Elo Chess Rating System Topped By Proposed Replacements

databuff writes "About six weeks ago, Slashdot reported a competition to find a chess rating algorithm that performed better than the official Elo rating system. The competition has just reached the halfway mark and the best entries have outperformed Elo by over 8 per cent. The leader is a Portuguese physicist, followed by an Israeli mathematician and then a pair of American computer scientists."

24 of 102 comments (clear)

  1. Sweet by Anonymous Coward · · Score: 2, Funny

    Castle this.

  2. Re:what now? by cappp · · Score: 5, Interesting

    To be fair that owning represents a difference of 0.000629 in the RMSE between the two of them - hardly the sound thrashing those snooty mathematicians rightly deserve.

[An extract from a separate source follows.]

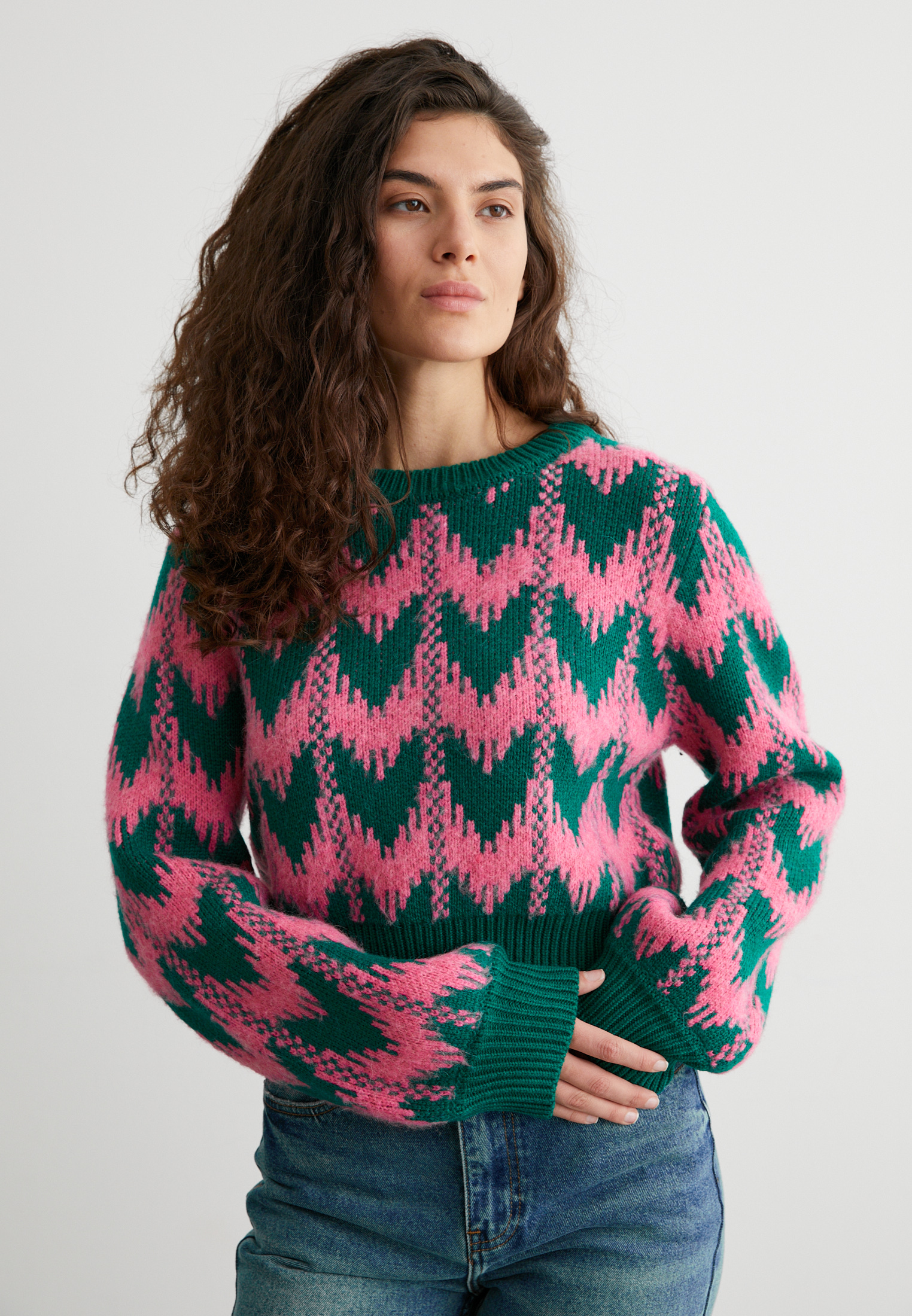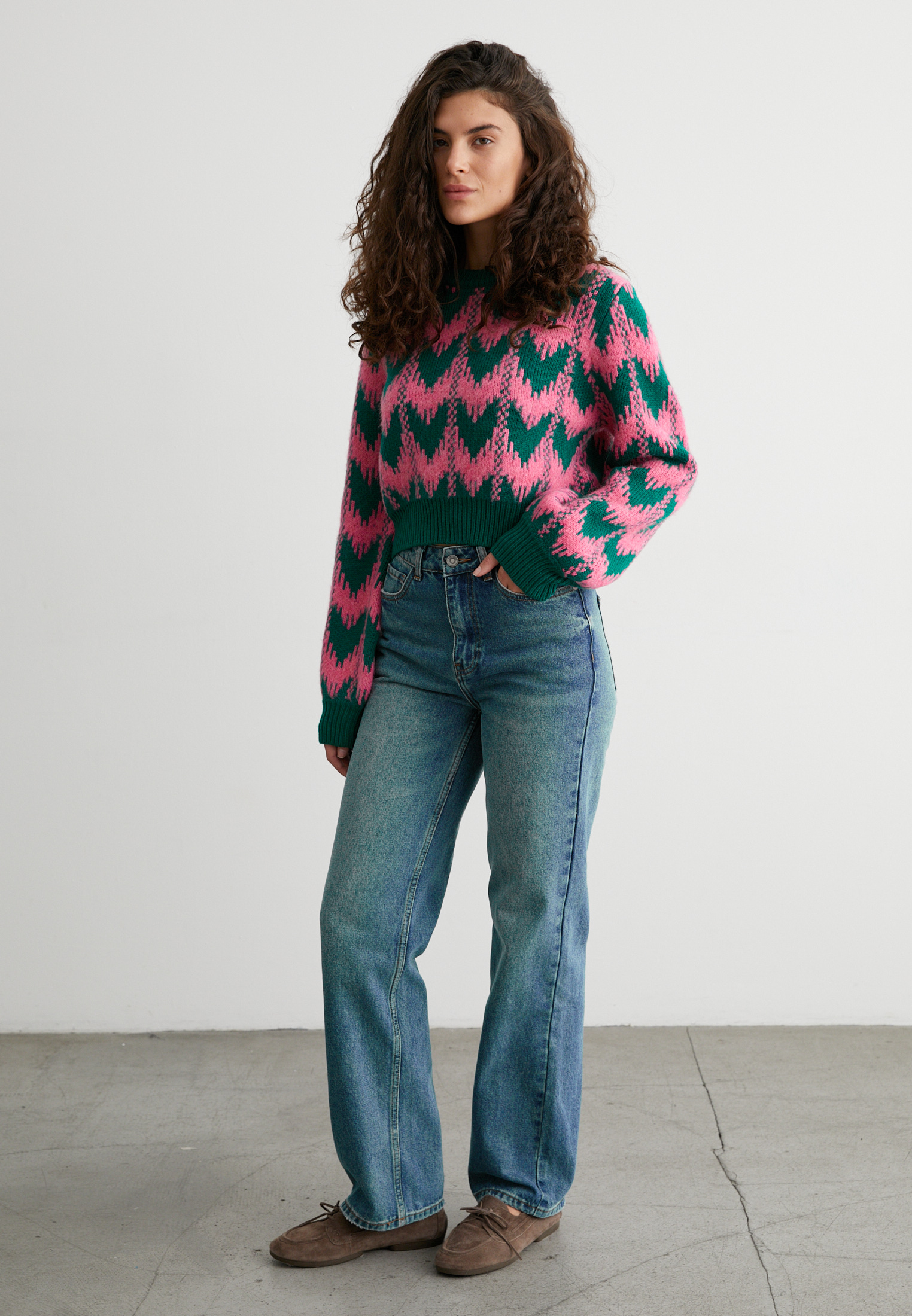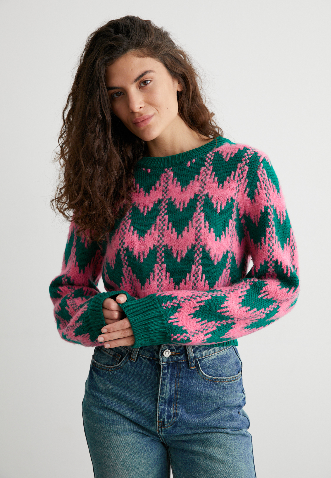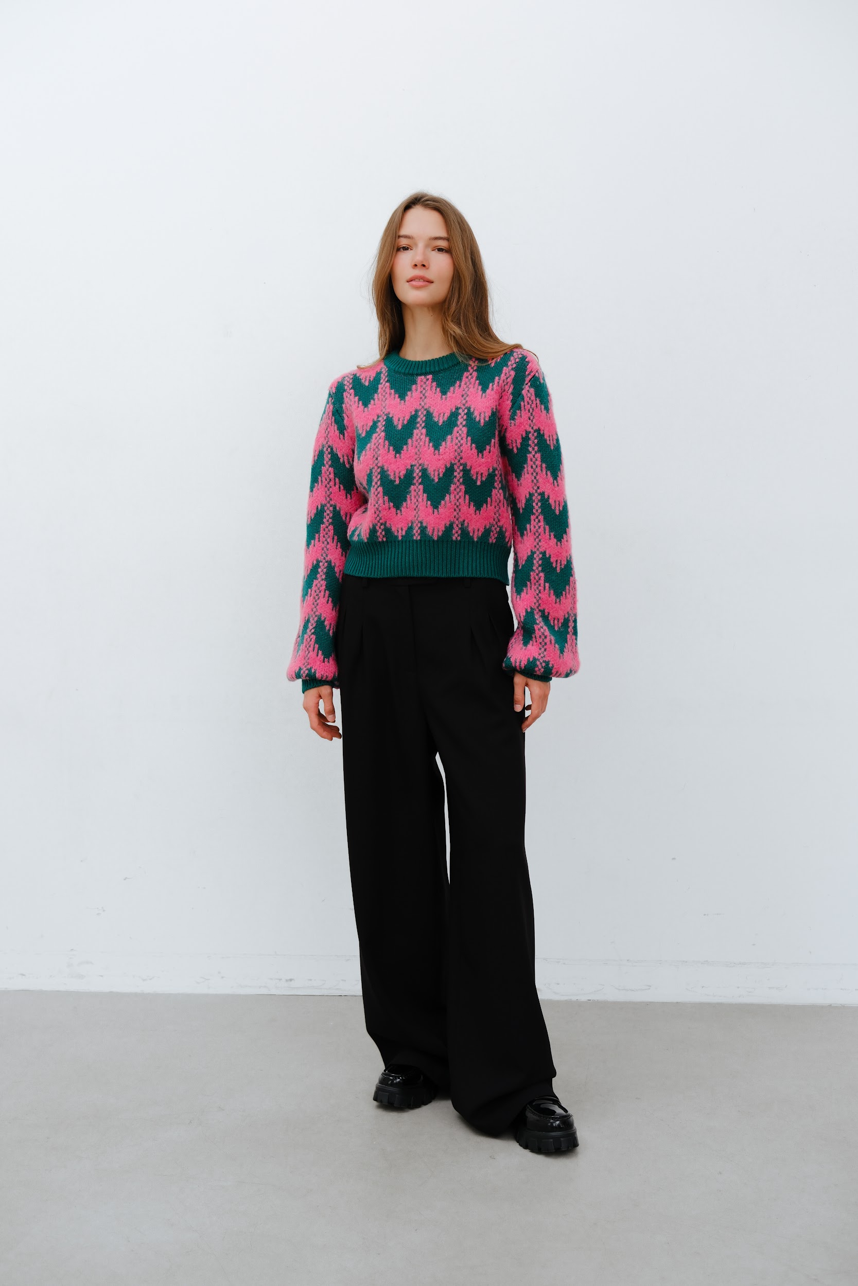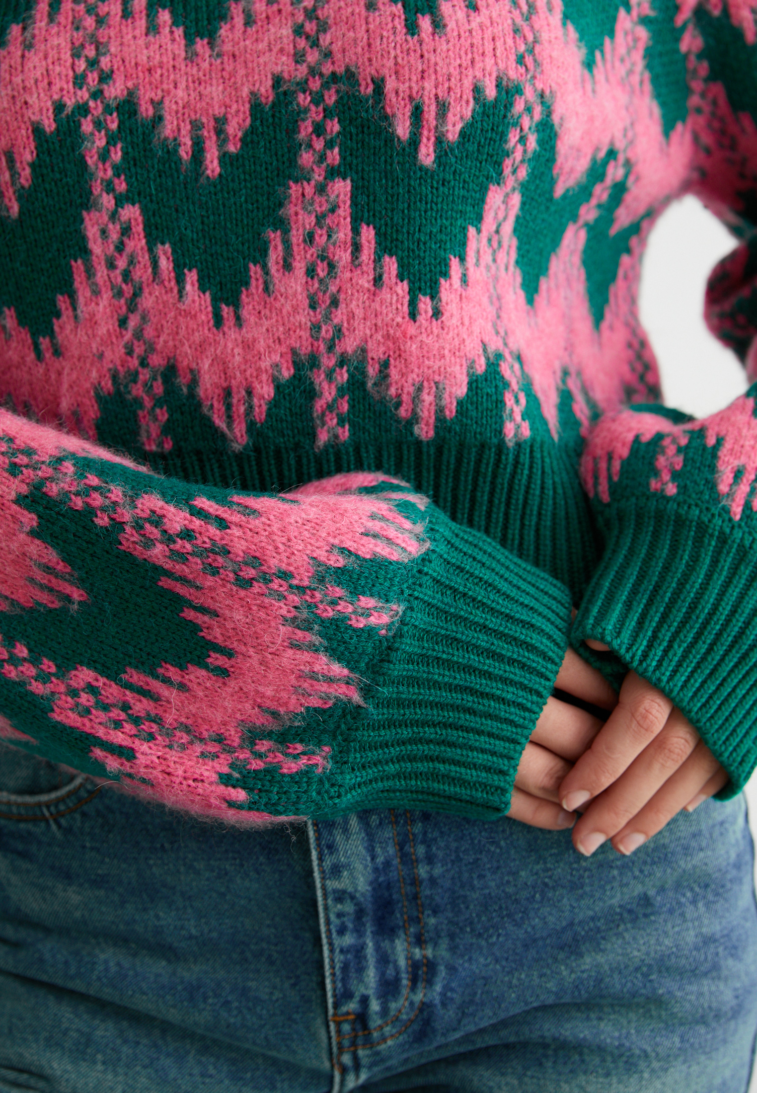 Розово-зелёный принт, мягкая фактура и лаконичный крой — идеальный выбор для тех, кто любит добавлять цвета даже в серые дни. Уютно, стильно, с характером.

  3. Re:what now? by jhoegl · · Score: 3, Funny

    Yes, I agree. We should also fight amongst professions because we simply do not have enough to fight about.

    Long live Physicists and they physicisteries!

  4. Re:Interesting by JoshuaZ · · Score: 4, Informative

    This is chess rating algorithm. The goal is to predict given a matchup between two players with known histories how they will likely fare in a game or series of games against each other. Elo is the standard rating system and has been for some time. These algorithms are improvements on that. So they predict better who will win. They have nothing to do with playing actual chess. So the Turk is irrelevant to this discussion (aside from the not minor issue that the operator has been dead for some time.)

  5. Re:what now? by cappp · · Score: 5, Funny

    Whoah there partner, we don't want a full-scale fight between all professions - some of those guys are pretty buff. Pick off the mathematicians and physicists first because the law of the playground must be respected - the small, weak, bifocaled, or curiously gifted with numbers should be taken down first. Then nap time.

  6. Can't be so by Waffle+Iron · · Score: 5, Funny

    A friend called my on my telephone line and told me out of the blue that the Elo rating system had been bested. I was so stunned I almost turned to stone. I said, "Dude, don't bring me down!". But the news slowly sunk in, and now I can't get it out of my head. But I'll tell you what, the jury is still out. I think there's gonna be a showdown, and then Elo will be back on top.

    1. Re:Can't be so by definate · · Score: 3, Funny

      I don't get it.

      REVEAL YOUR SECRETS!

      Wow, Slashdot won't allow me to post with that ratio of non-caps to caps. So I need to write all of this to correct the ratio. The error says "Filter error: Don't use so many caps. It's like YELLING.".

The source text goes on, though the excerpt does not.